Em suas primeiras coleções para a marca, como a T Collection, a ser lançada na próxima semana, Amfitheatrof quase não inclui gemas. Na linha anterior, Blue Book, usou diamantes pontuais nas peças cujos valores ultrapassavam os quatro dígitos.
“As pedras são importantes, mas sou uma ‘metalista’, me interesso muito mais por materiais como a prata e o ouro e como eles podem virar objetos de arte”, diz.
MATEMÁTICA
Ela criou com sua nova equipe de artesãos uma técnica para produzir colares, anéis e pulseiras a partir de cálculos geométricos. Daí saíram correntes entrelaçadas e anéis que, em vez de formarem um círculo fechado, têm uma fenda no meio.
Para se ter uma ideia da força que Amfitheatrof tem, ao dizer à “Vogue” inglesa que pode mexer no padrão da caixa de presentes da Tiffany -de um azul piscina que é marca registrada da casa-, ela foi assunto de artigos que questionavam o futuro da empresa americana.
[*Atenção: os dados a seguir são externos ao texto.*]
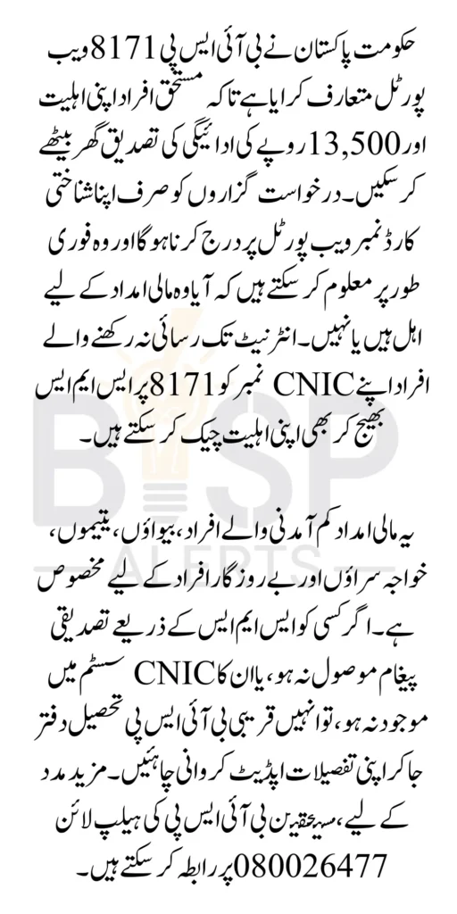 The BISP 8171 web portal has significantly simplified the process of checking eligibility and verifying 13500 payments online. Whether you use the web portal or the SMS service 8171, both methods provide a quick and secure way to confirm your payment status.

Pisar num território tão tradicional como o da joalheria não amedronta a designer, conhecida por sua amizade com artistas plásticos e galeristas pop britânicos, como Jay Jopling, fundador do White Cube e que colocou o nome da amiga em evidência.
“Vou transpor para as criações da Tiffany essa bagagem no mercado de arte, que, assim como o da joalheria, tem muito a ver com emoção”, adianta Amfitheatrof.
Ela diz saber que muitos homens ainda compram joias como presentes para as mulheres. Mas seu objetivo é falar “às mulheres que consomem joias como uma extensão da própria personalidade”, afirma.
Leia a entrevista:
Folha – Você é a primeira mulher a assumir uma das casas de joias mais importantes do mundo. O que isso significa para a joalheria? Há uma mudança de estilo ou uma quebra de padrão em curso nesse mercado?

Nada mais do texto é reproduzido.